Body is chronological. Each message is a `## YYYY-MM-DD HH:MM <author>` section with:
- a bullet line for any media references (`- **Media:** image, audio, document, etc.`)
- a bullet line for any reactions (`- **Reactions:** emoji x N from <name>`)
- the message text as the section content
- empty messages render as `_(empty message)_`

Decision Log stubs created at `⚙️ Meta/Decisions/<date>-whatsapp-<chat-slug>-<sha8>.md` carry frontmatter that matches the existing decision schema so the aggregator picks them up cleanly.

## Idempotency

Re-running `/ingest-whatsapp <chat> --days N` on the same calendar day overwrites the same vault file. The decision stub filenames hash the WhatsApp message ID, so the same source message produces the same stub filename across re-runs. Re-runs do not duplicate; they refresh.

## Slug rules

- Lowercase the chat name, replace runs of non-alphanumeric characters with a single hyphen, strip leading and trailing hyphens.
- If the chat name is empty or the slug collapses to nothing (anonymous group, emoji-only title), fall back to `chat-<sha8(jid)>`.
- The slug is the only thing that lands on disk; it never leaves the vault.

## Acceptance test

A successful run produces:
1. One new (or refreshed) file at `External Inputs/WhatsApp/<chat-slug>/<date>.md`
2. Zero or more new decision stubs at `⚙️ Meta/Decisions/<date>-whatsapp-<chat-slug>-<sha8>.md`
3. A stdout summary: `Wrote N messages to <path>. Detected K edge cases.
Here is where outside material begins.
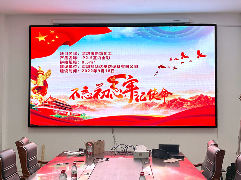 因LED為自發(fā)光原理,因此受環(huán)境光線的干擾與影響很小??筛鶕?jù)周圍環(huán)境明暗變化,畫面更加舒適,細(xì)節(jié)完美呈現(xiàn)。深圳柯華達(dá)針對濰坊新綠化工的項(xiàng)目要求采用了P2.5室內(nèi)全彩LED顯示屏8.5m²交付使用。

Stubs at: <paths>.`

If the chat resolves but contains no messages in the window, write the file anyway with `message_count: 0` so re-runs are still idempotent and the absence is recorded.

## Failure modes

- WhatsApp MCP not connected or bridge not authenticated: `ingest.py` does not require the MCP. The MCP calls happen at the orchestration layer. If the LLM cannot reach the MCP, surface that error to the user, do not write a stub file.
- Chat name ambiguous: ask the user before running the ingestion.
- Empty chat in the window: write the empty-window file and report `message_count: 0`.
- Anonymous chat (no display name available): use `chat-<sha8(jid)>` as the slug; the JID still ends up in frontmatter.